Escrow Agreements in India: Securing Transactions with Third-Party Custody
An Escrow Agreement involves a neutral third party (escrow agent) holding assets—typically funds, documents, or source code—until specified conditions are met. In India, escrow arrangements are increasingly common in M&A transactions (holdback escrows), real estate (RERA-mandated project escrows), e-commerce payments, and software licensing.
RERA (Real Estate Regulation Act, 2016) has made escrow mainstream by mandating that developers deposit 70% of project funds in a designated escrow account. For M&A deals, 10–20% holdback escrows for indemnity claims are now standard practice in India.
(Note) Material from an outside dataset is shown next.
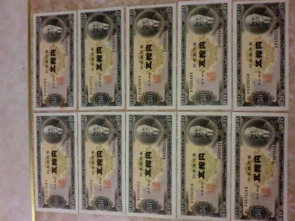 日本銀行券B号50円 高橋50円の美品を10枚セットです。

Types of Escrow Commonly Used in India
Payment Escrow
Holds funds pending delivery or condition fulfilment. Used in real estate, e-commerce, and M&A. Banks (SBI, HDFC, ICICI) commonly act as escrow agents for large transactions.
Document Escrow
Holds share certificates, title deeds, or contracts pending conditions. Common in acquisition closings and property transactions.
Software Escrow
Holds source code for licensee protection. Released if licensor becomes insolvent or fails to support. Growing in India’s SaaS ecosystem.
RERA Project Escrow
Mandated under RERA—70% of buyer payments deposited in escrow. Withdrawals only for land cost and construction with CA certification.
Key Legal Provisions
Escrow arrangements in India are governed by the Indian Contract Act (agency and bailment provisions) and specific sectoral regulations. The escrow agent has fiduciary duties—acting only on written instructions, maintaining separate accounts, and not commingling funds. Indian banks regulated by RBI are the preferred escrow agents for high-value transactions. The interpleader suit mechanism (Order XXXV, CPC) allows agents to deposit disputed assets with the court if parties disagree on release conditions.
Key Takeaways
- ✓ RERA mandates escrow accounts for all registered real estate projects
- ✓ M&A holdback escrows (10–20% of deal value for 12–24 months) are standard in India
- ✓ Use bank escrow agents for high-value transactions—regulated and insured
- ✓ Define release conditions with objective, verifiable criteria
- ✓ Include interpleader mechanism for dispute resolution
Frequently Asked Questions
What are typical escrow agent fees in India?
Bank escrow setup: ₹25,000–₹1 lakh. Annual fee: ₹25,000–₹2 lakhs. Transaction percentage: 0.1–0.5% for large deals. Domain escrow: ₹3,000–₹15,000 per transaction.
Can an escrow agent be held liable for wrongful release?
Yes, an escrow agent who releases assets without verifying conditions, or in breach of escrow instructions, can be held liable for damages. This is why banks are preferred—they have institutional processes and insurance.